According to the Guardian, Rachel Treweek, Bishop of Gloucester, is working to promote positive body image by encouraging teens to challenge traditional beauty standards. This monday she took a trip to Cheltenham’s All Saints Academy to talk to teenagers about body image. This was the first of many planned school talks she will hold on the issue.
Treweek, who is the first woman bishop in the House of Lords, explained to the Guardian, “When I talk to girls, it strikes me how much of how they view themselves and their self-worth is caught up with appearance and the way that society sees them.” Treweek said, “Issues of health and mental health are more and more linked with how people are viewed by others, and much of that begins with external appearance.” She aims to “challenge the subconscious messages we’re giving,” and points out that the language used by adults has a profound effect on the minds of teens.
Rachel uses the example of how, when adults talk to young girls, often the first thing they do is make a comment on a girl’s appearance (rather than focusing on the child’s personality, interests, or talents). Rachel Treweek made a point of telling the Guardian that she is not trying to encourage girls not to care at all about fashion or beauty, but she simply wants those “to be an expression of who they are, not their starting place.”

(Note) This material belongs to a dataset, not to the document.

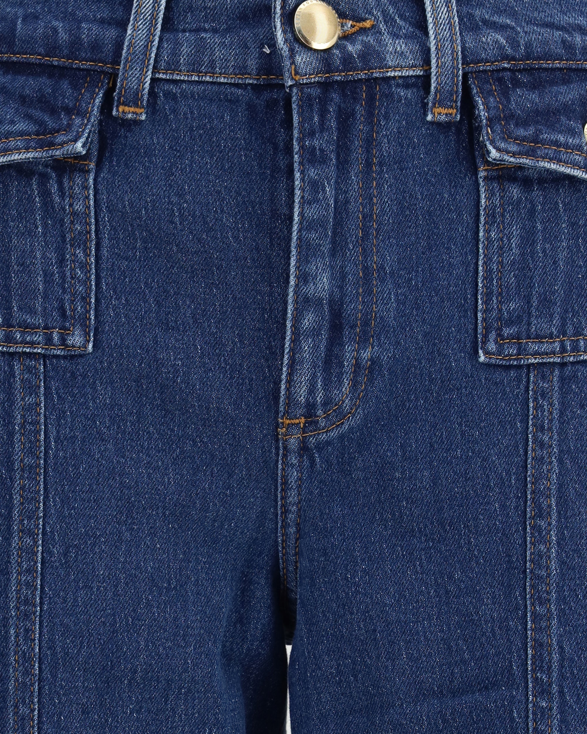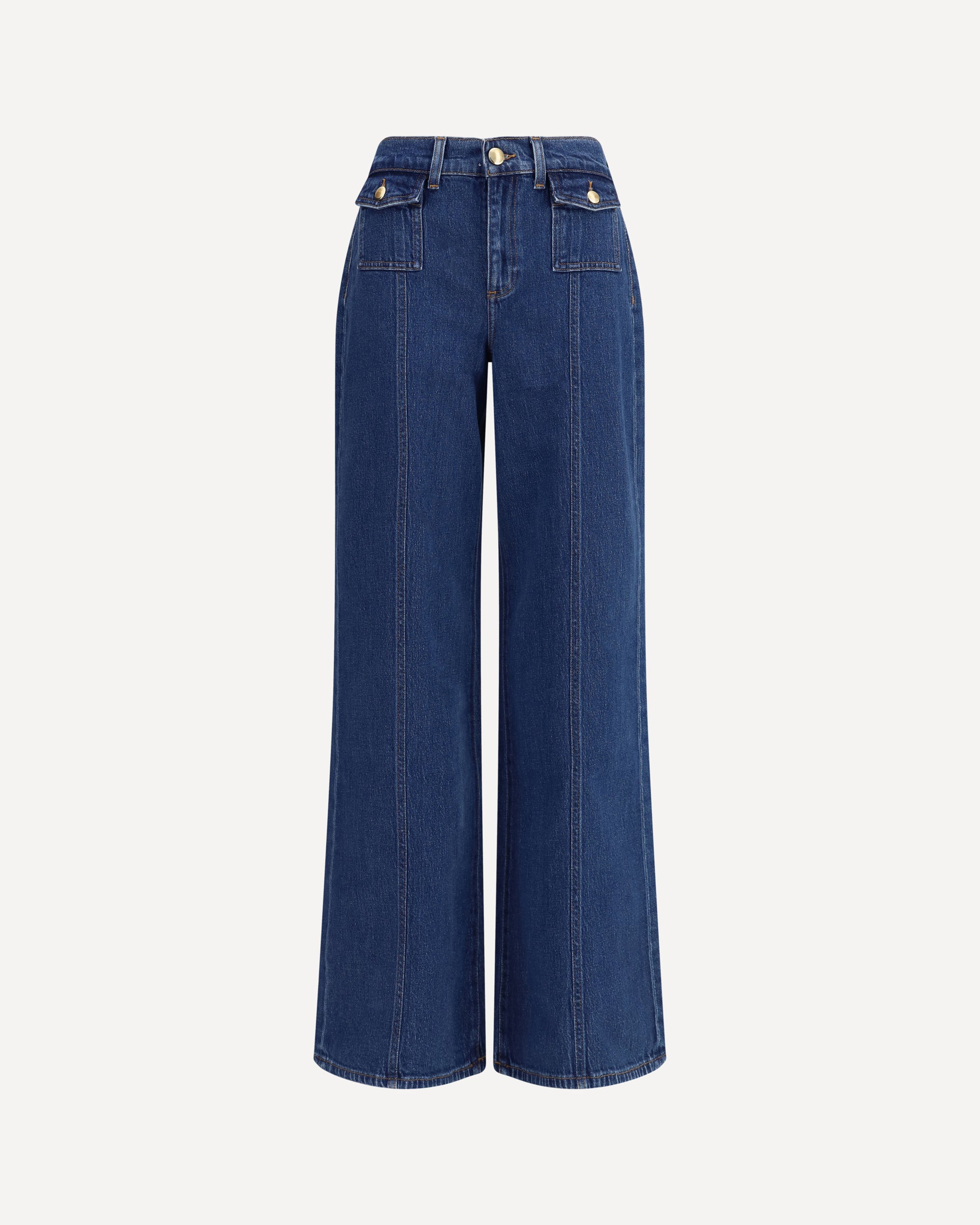 The Lotta High-Waisted Jeans by 7FOR All Mankind combine classic lines with refined details. The medium wash and vertical front seam elongate the silhouette, while the decorative flap pockets with gold finishes add a sophisticated touch. The zip and button closure ensure everyday practicality, complemented by a clean back pocket. The wide, full-length leg flows from the fitted waist and hips, offering natural elegance.

Bishop Rachel Treweek’s campaign for positive body image is an important one. It is an issue that all organizations, including religious organizations, need to pay attention to. As she pointed out, body image issues are not a matter of vanity. They are truly a mental health issue, and the problem is perpetuated by the focus society puts on appearance. The way to go about healing negative body image begins with reminding women that our worth is not determined by our looks.